> [To do]
Copy all entries exactly, and wherever an entry holds a picture, leave that picture out.

── Data ──

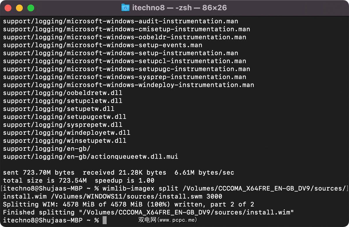 由于安装程序文件大于 4GB,我们将使用两个单独的命令来创建可启动磁盘。第一个命令将复制除 install.wim 文件(4.2GB)之外的所有文件。第二个命令将使用 wimlib 拆分 install.wim 文件并将其复制到 U 盘。
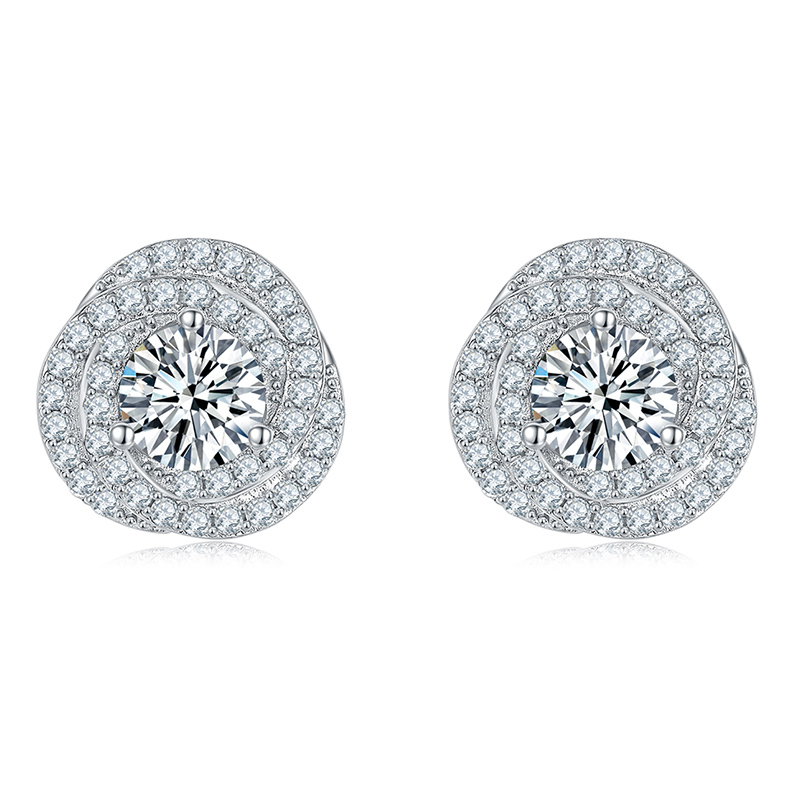 Sotiya Rose Flower Design Round Cut Moissanite Stud Earrings Sterling Silver
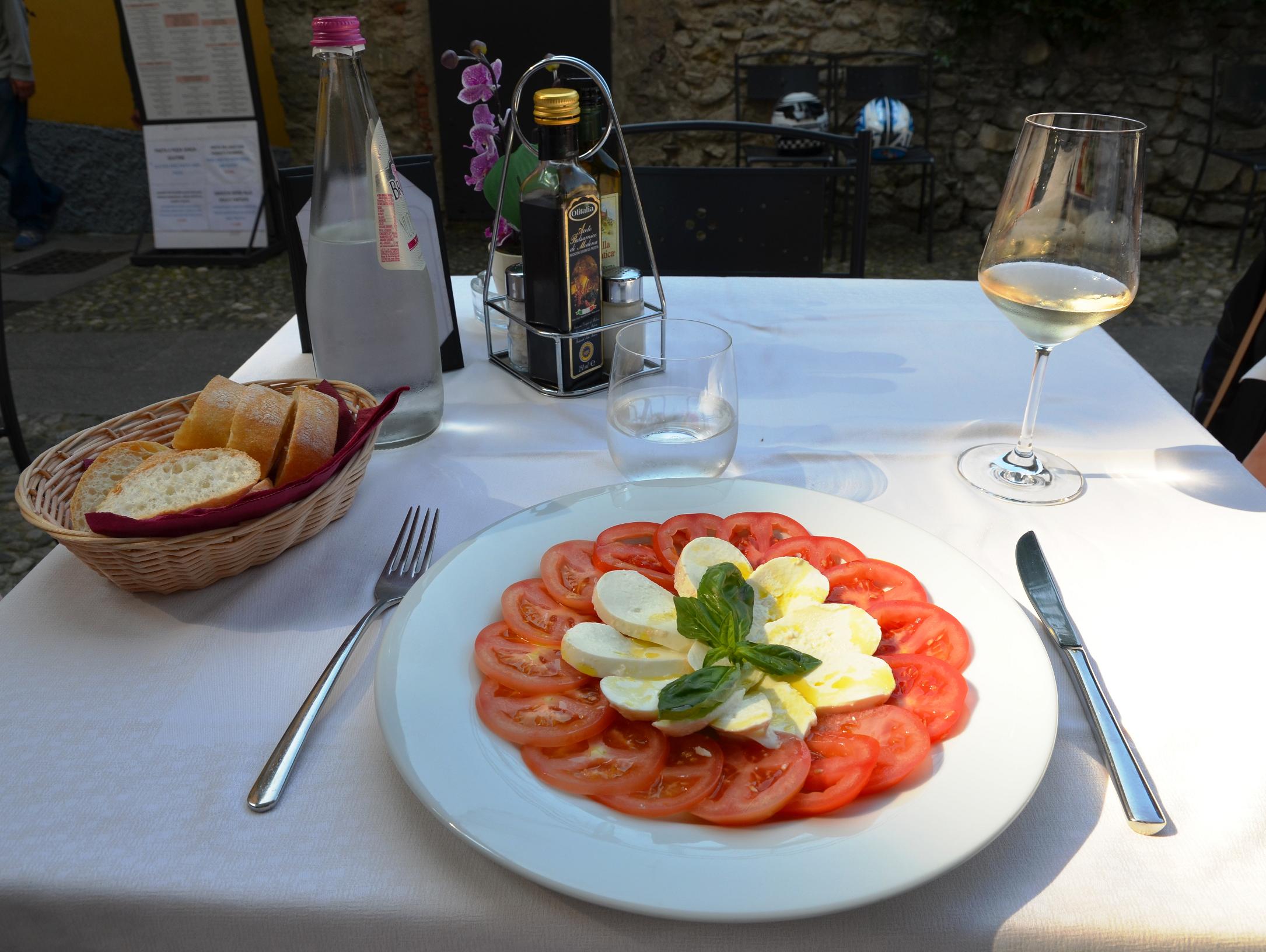 I found a wonderful spot for lunch up the hill on a side street and ordered the specialty of the area; lake perch with risotto and asparagus.  I also sampled a caprese salad, and of course some local wine.
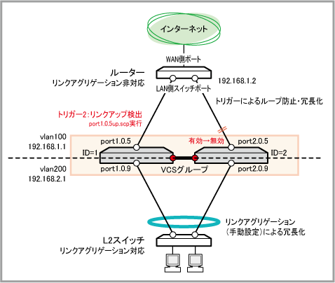 対向の2ポート(ルーター側の2ポート)は、ルーターのLAN側スイッチポートを想定しています。ルーターにスイッチが内蔵されていない場合は、VCSグループとルーターの間にスイッチをはさむ必要があります。
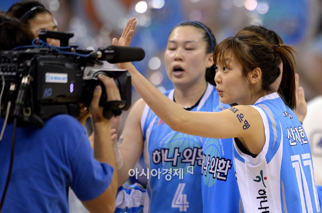 [부천=아시아경제 김현민 기자] 여자 프로농구 하나외환과 KB스타즈의 경기가 28일 부천체육관에서 열렸다. 68 대 58로 승리한 하나외환 신지현이 동료들과 기쁨을 나누고 있다. 김현민 기자 kimhyun81@asiae.co.kr<ⓒ세계를 보는 창 경제를 보는 눈, 아시아경제(www.asiae.co.kr) 무단전재 배포금지>
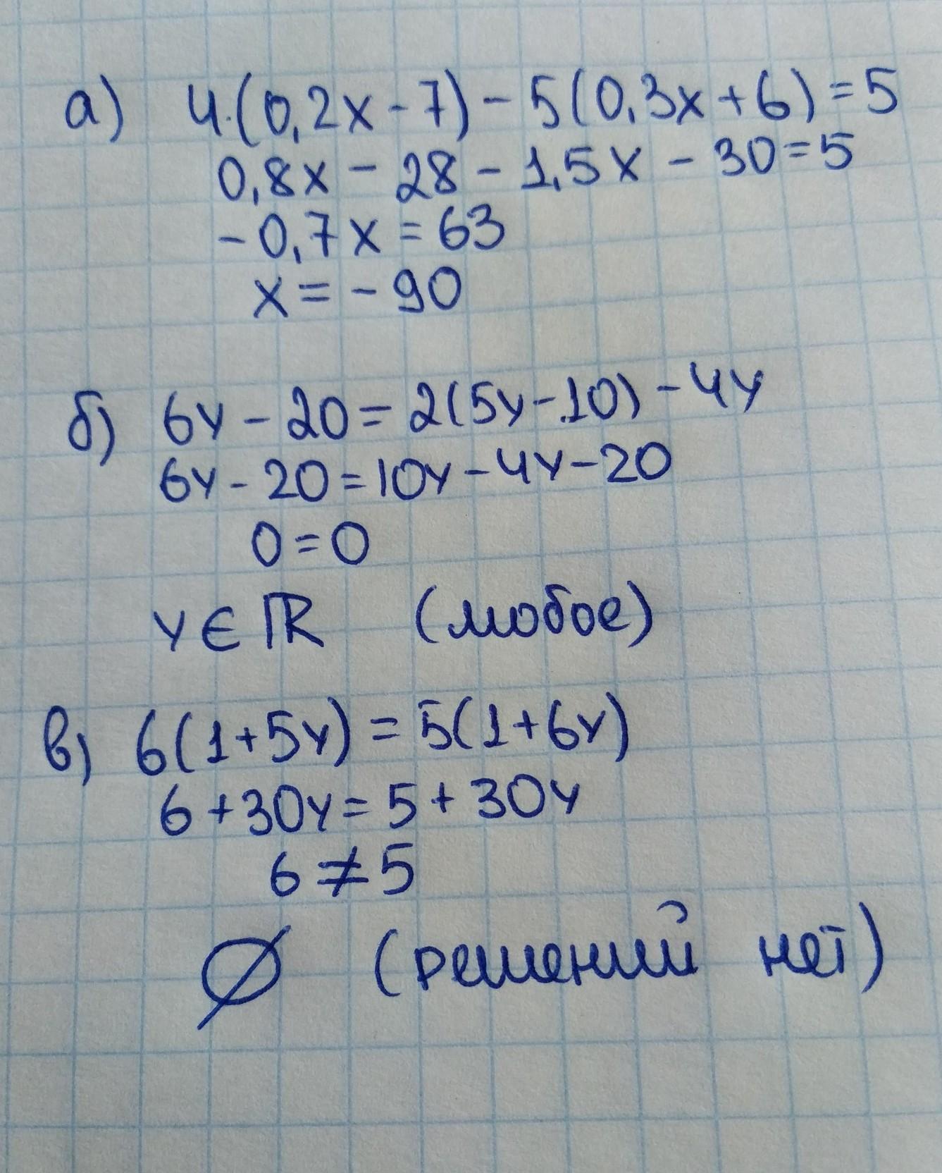 а) 4(0,2x – 7) – 5(0,3x + 6) = 5;
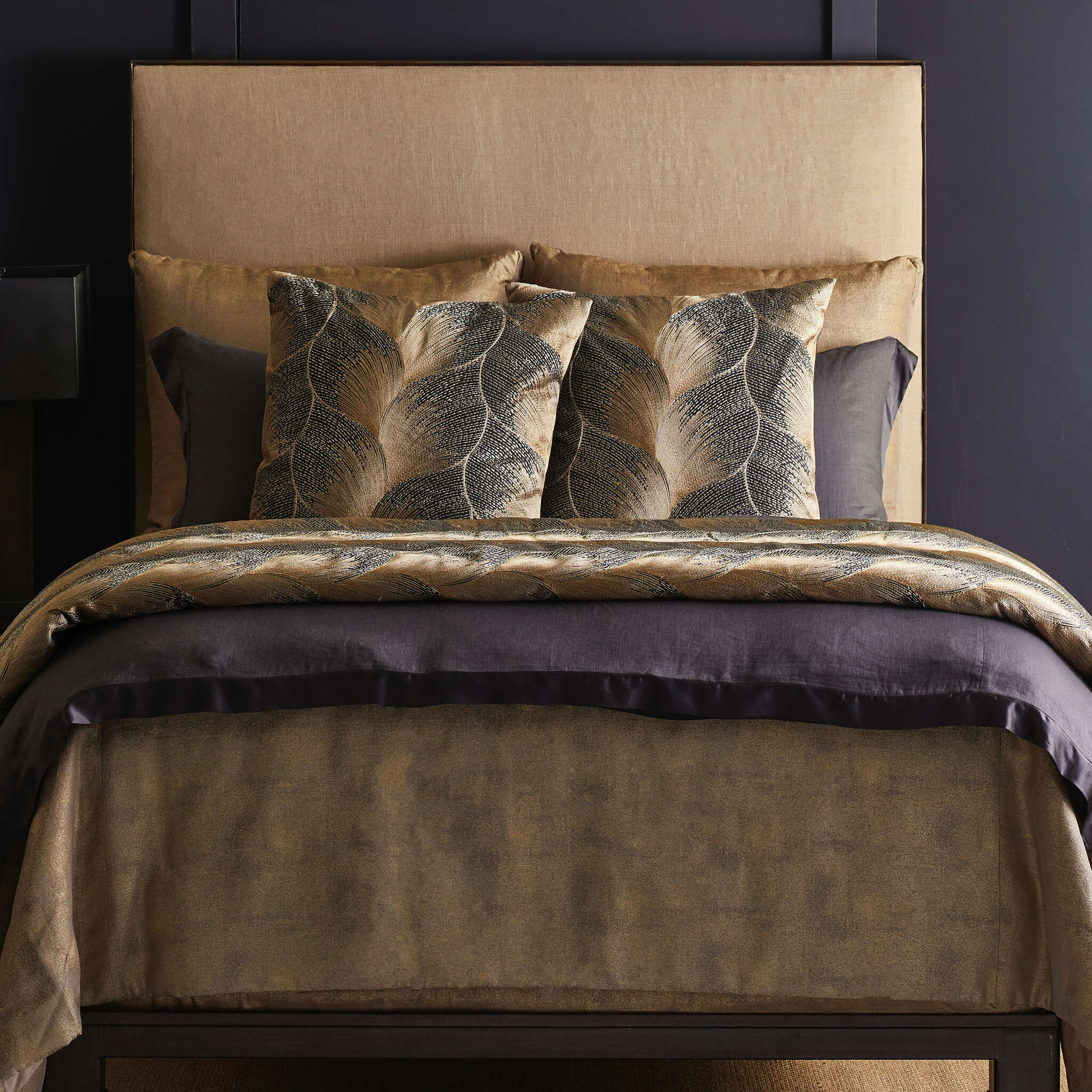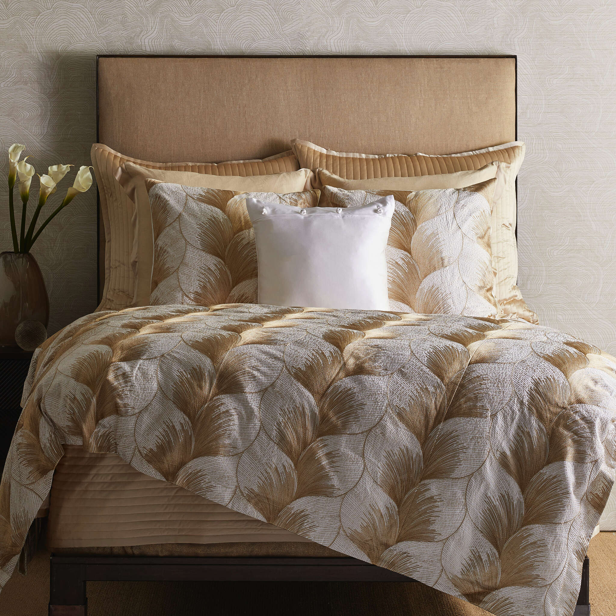 Embroidery undulates on a linen ground in gold on umber, and gold on white. Based on a gilded fan from The Met’s Costume Institute.
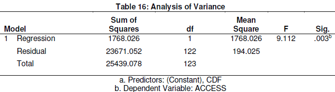 To establish whether CDF was a significant predictor of access to secondary education, ANOVA was computed and the results were as shown in Table 16.
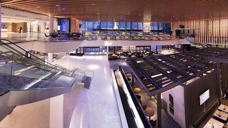 Das Hotel bietet eine Vielzahl von gastronomischen Einrichtungen, darunter das Stetsons Modern Steak + Sushi, das exquisite Gerichte wie Koteletts, Fisch und Meeresfrüchte in einer eleganten Atmosphäre serviert. Das Market Chicago bietet rund um die Uhr Starbucks-Kaffee, Sandwiches und Frühstückszutaten. Die BIG Bar bietet einen atemberaubenden Stadtblick und serviert Cocktails nach Art des Hauses. Die American Craft Kitchen & Bar bietet Sandwiches und Salate für Mittag- und Abendessen.
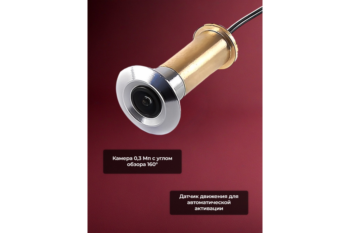 Особенности беспроводного глазка в дверь с видеокамерой "iHome-4" (бронза): система видеонаблюдения с HD камерой и 7-дюймовым дисплеем; имеет встроенный модуль Wi-Fi + позволяет установить SIM-карту; может удаленно "общаться" с владельце..

───

> [Answer]
 由于安装程序文件大于 4GB,我们将使用两个单独的命令来创建可启动磁盘。第一个命令将复制除 install.wim 文件(4.2GB)之外的所有文件。第二个命令将使用 wimlib 拆分 install.wim 文件并将其复制到 U 盘。
 Sotiya Rose Flower Design Round Cut Moissanite Stud Earrings Sterling Silver
 I found a wonderful spot for lunch up the hill on a side street and ordered the specialty of the area; lake perch with risotto and asparagus.  I also sampled a caprese salad, and of course some local wine.
 対向の2ポート(ルーター側の2ポート)は、ルーターのLAN側スイッチポートを想定しています。ルーターにスイッチが内蔵されていない場合は、VCSグループとルーターの間にスイッチをはさむ必要があります。
 [부천=아시아경제 김현민 기자] 여자 프로농구 하나외환과 KB스타즈의 경기가 28일 부천체육관에서 열렸다. 68 대 58로 승리한 하나외환 신지현이 동료들과 기쁨을 나누고 있다. 김현민 기자 kimhyun81@asiae.co.kr<ⓒ세계를 보는 창 경제를 보는 눈, 아시아경제(www.asiae.co.kr) 무단전재 배포금지>
 а) 4(0,2x – 7) – 5(0,3x + 6) = 5;
 Embroidery undulates on a linen ground in gold on umber, and gold on white. Based on a gilded fan from The Met’s Costume Institute.
 To establish whether CDF was a significant predictor of access to secondary education, ANOVA was computed and the results were as shown in Table 16.
 Das Hotel bietet eine Vielzahl von gastronomischen Einrichtungen, darunter das Stetsons Modern Steak + Sushi, das exquisite Gerichte wie Koteletts, Fisch und Meeresfrüchte in einer eleganten Atmosphäre serviert. Das Market Chicago bietet rund um die Uhr Starbucks-Kaffee, Sandwiches und Frühstückszutaten. Die BIG Bar bietet einen atemberaubenden Stadtblick und serviert Cocktails nach Art des Hauses. Die American Craft Kitchen & Bar bietet Sandwiches und Salate für Mittag- und Abendessen.
 Особенности беспроводного глазка в дверь с видеокамерой "iHome-4" (бронза): система видеонаблюдения с HD камерой и 7-дюймовым дисплеем; имеет встроенный модуль Wi-Fi + позволяет установить SIM-карту; может удаленно "общаться" с владельце..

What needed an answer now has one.